En enero del año pasado disfruté las maravillas de una ciudad como Nueva York, con su multiculturalismo, las luces de colores de Times Square, la oferta cultural de Broadway, la vivacidad de Greenwich Village. Pero también me llamó la atención la enorme cantidad de personas sin hogar que he visto en todas partes.

Cuando, meses más tarde, frente a nosotros, asombrados espectadores pegados al televisor, desfilaron las imágenes delirantes de ataúdes enterrados en fosas comunes en la misma Nueva York, porque nadie había solicitado esos cadáveres, pensé en las personas que había visto acostadas con sus mantas raídas en las calles de esa metrópolis. El ejemplo podría multiplicarse en todas las latitudes del planeta.

Hemos construido la sociedad de la indignidad, una sociedad que genera excedentes y entierra en fosas comunes; que aísla y abandona a los ancianos en estructuras precarias desde el punto de vista de la salud para que, cuando ocurre una epidemia como la que estamos sufriendo, son los primeros en morir. Es la sociedad del aborto y de la eutanasia sin costo alguno.

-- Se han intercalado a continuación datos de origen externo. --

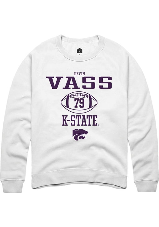 Devin Vass Rally Mens White K-State Wildcats NIL Sport Icon Crew Sweatshirt

Afortunadamente, poco a poco, la crisis allí trae de nuevo a la conciencia de que todos somos “imperfectos”, incluso en cuanto a la resistencia al ataque de un virus. Esta ya es una conquista. Pero eso no es suficiente.

Deberíamos empezar a transformar las estructuras sociales para ponerlas al servicio de la gran tarea que es la dignidad humana.

Deberíamos cambiar los parámetros del desarrollo y, sobre todo, la mentalidad. Necesitamos reglas éticas y jurídicas incontrovertibles. Es necesario profundizar en los campos del conocimiento. Se necesita un pacto educativo global y una gran alianza cultural y religiosa. Cada uno de nosotros tendría que cambiar su forma de ver a los demás. Si tuviéramos un mínimo de conciencia, cada vez que encontráramos a uno de los que “estorban”, recibiríamos la bofetada de la dignitas humana y haríamos algo, incluso si es pequeño. Porque, paradójicamente, estamos descubriendo que el contacto con la fragilidad es el camino más directo para realzar la dignidad del ser humano.